▶ [Assigned task]
Starting from the line that holds "Polis ekipleri arama", output exactly each line through the end of the listing. Do not copy pictures.

··········

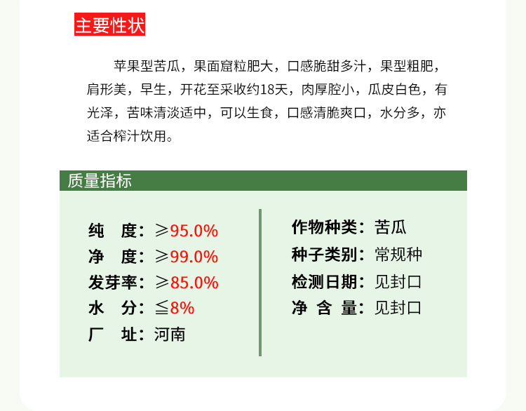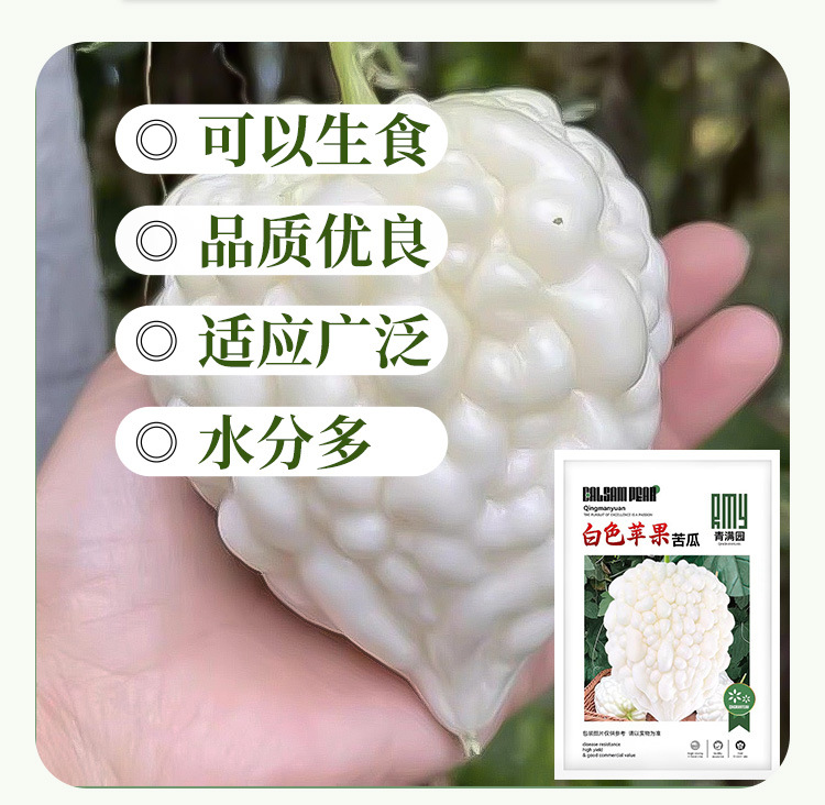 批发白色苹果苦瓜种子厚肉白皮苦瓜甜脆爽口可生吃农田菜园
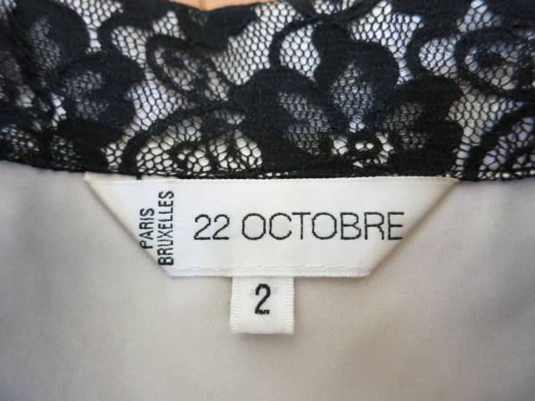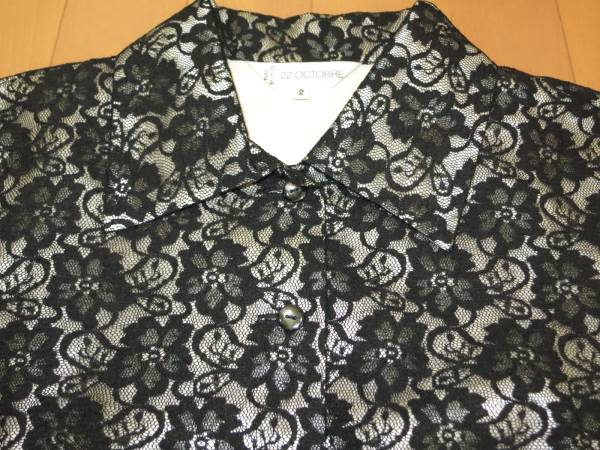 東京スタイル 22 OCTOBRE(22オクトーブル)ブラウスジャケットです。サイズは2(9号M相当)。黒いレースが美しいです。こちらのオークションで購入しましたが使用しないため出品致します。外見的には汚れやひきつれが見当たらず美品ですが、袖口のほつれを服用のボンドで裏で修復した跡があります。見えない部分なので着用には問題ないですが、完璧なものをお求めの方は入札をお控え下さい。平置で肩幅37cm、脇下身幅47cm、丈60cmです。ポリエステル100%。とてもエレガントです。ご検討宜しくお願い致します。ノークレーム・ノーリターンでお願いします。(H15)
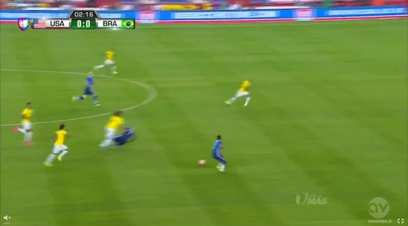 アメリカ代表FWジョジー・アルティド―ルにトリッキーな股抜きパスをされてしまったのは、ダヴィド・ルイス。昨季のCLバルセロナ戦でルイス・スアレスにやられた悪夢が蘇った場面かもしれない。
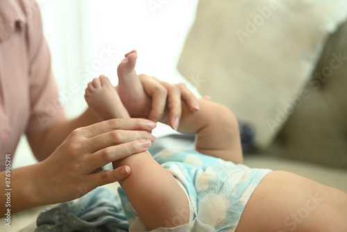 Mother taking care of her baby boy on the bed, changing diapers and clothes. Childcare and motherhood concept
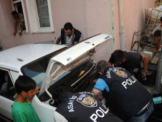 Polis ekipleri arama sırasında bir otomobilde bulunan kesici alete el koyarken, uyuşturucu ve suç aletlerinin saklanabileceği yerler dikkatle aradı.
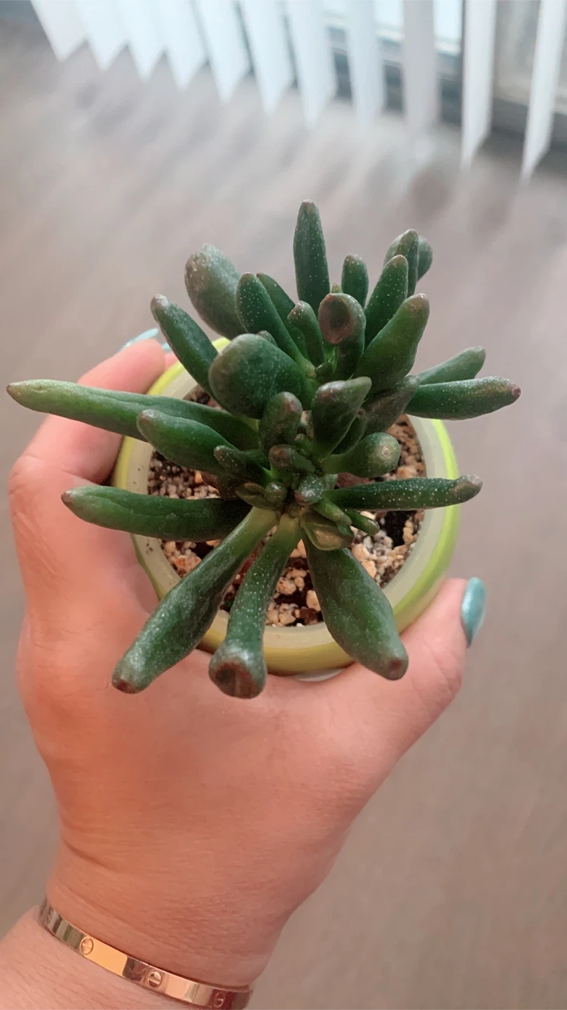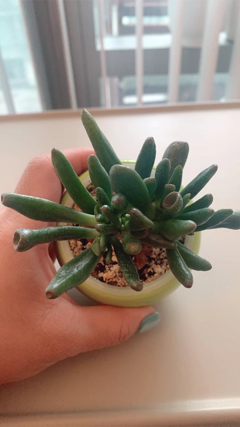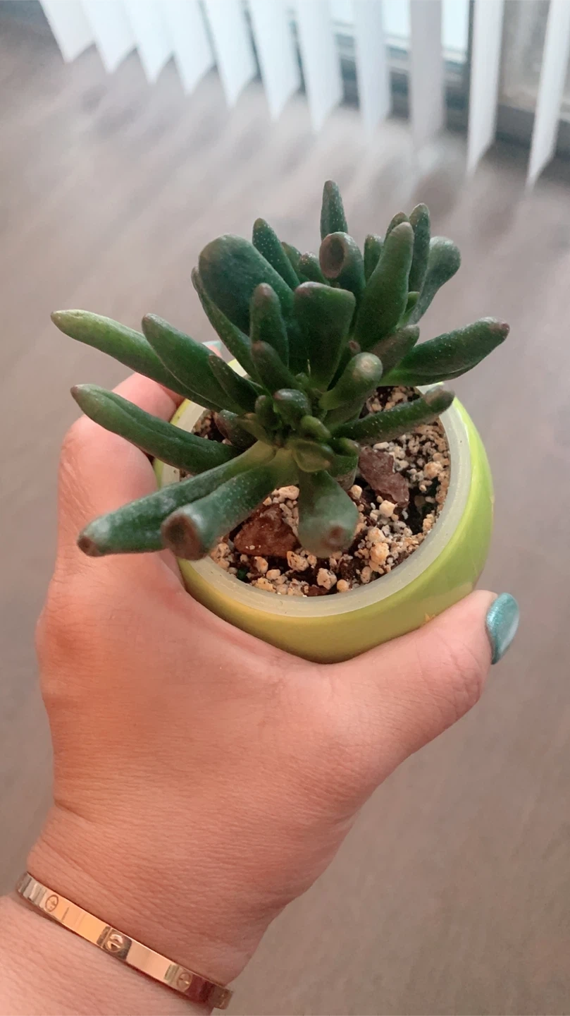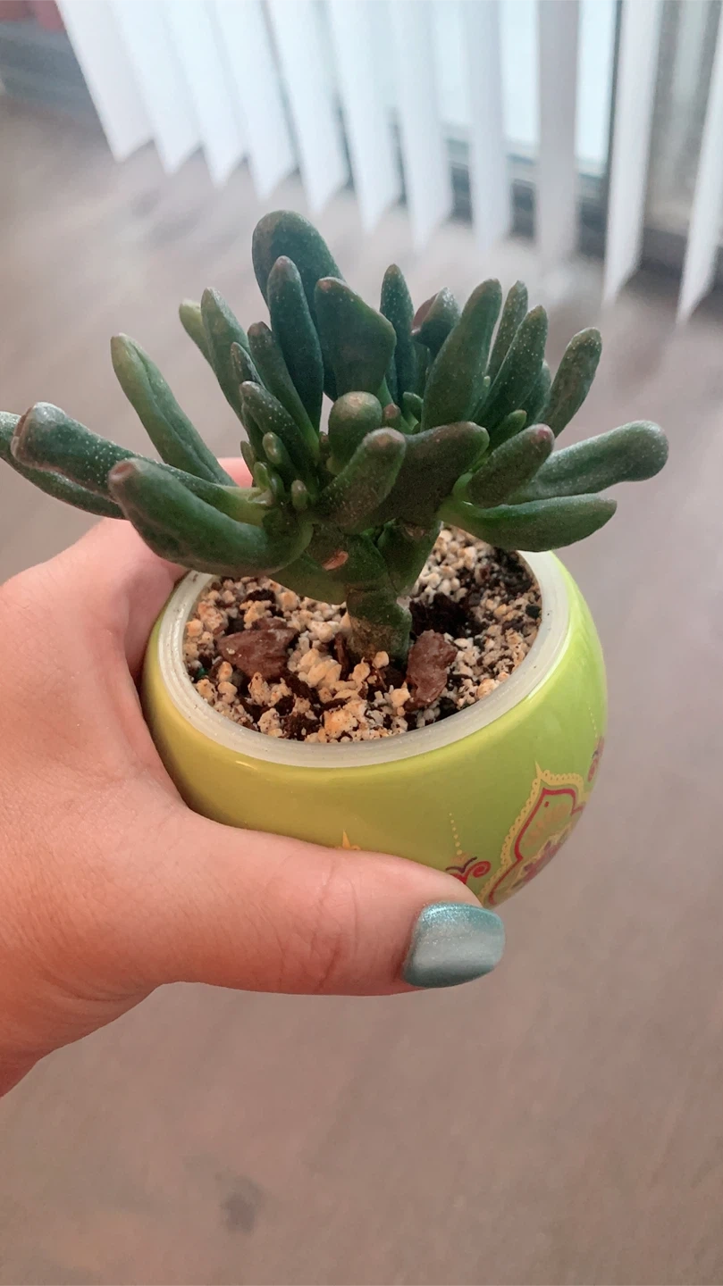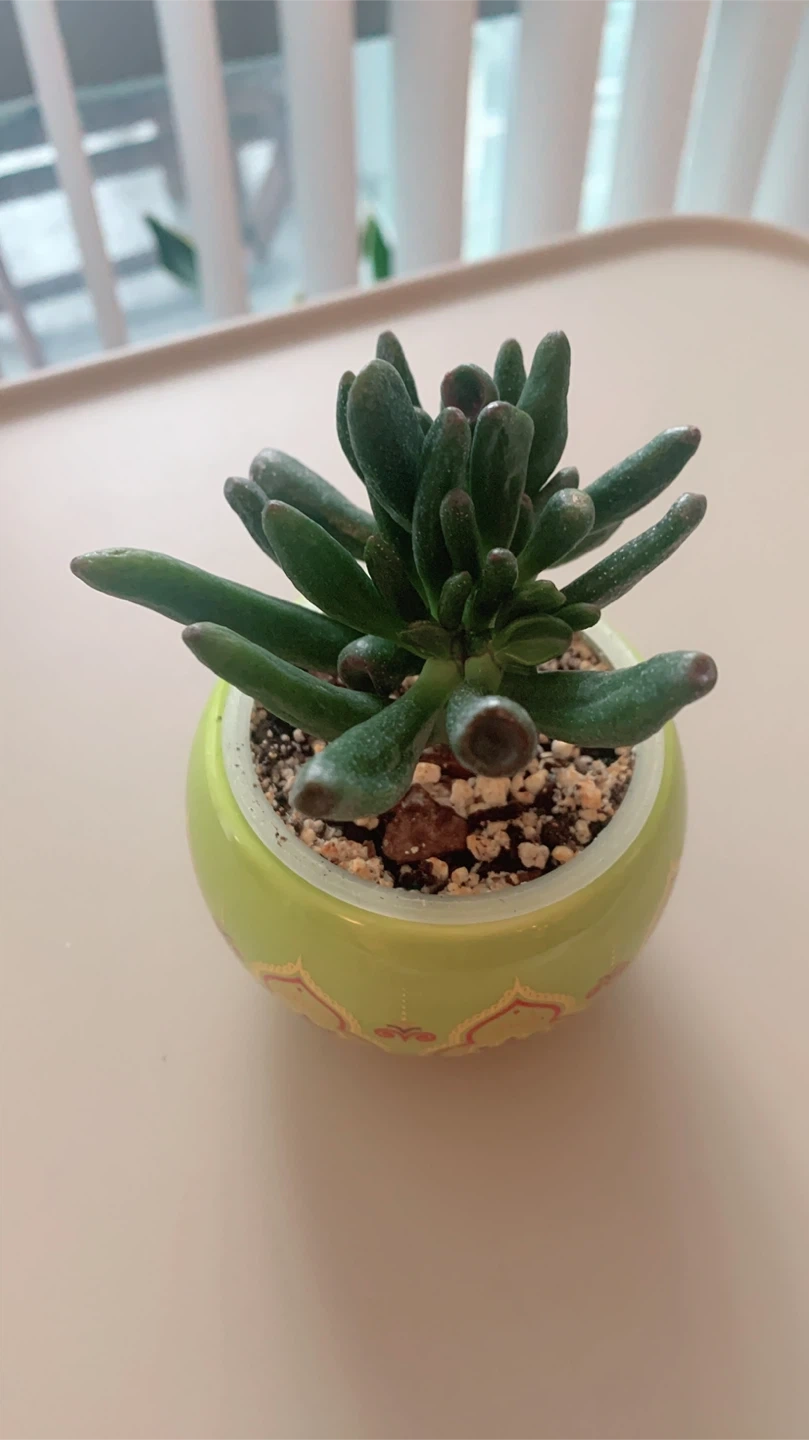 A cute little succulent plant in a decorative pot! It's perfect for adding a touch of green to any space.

··········

▶ [Expected answer]
 Polis ekipleri arama sırasında bir otomobilde bulunan kesici alete el koyarken, uyuşturucu ve suç aletlerinin saklanabileceği yerler dikkatle aradı.
 A cute little succulent plant in a decorative pot! It's perfect for adding a touch of green to any space.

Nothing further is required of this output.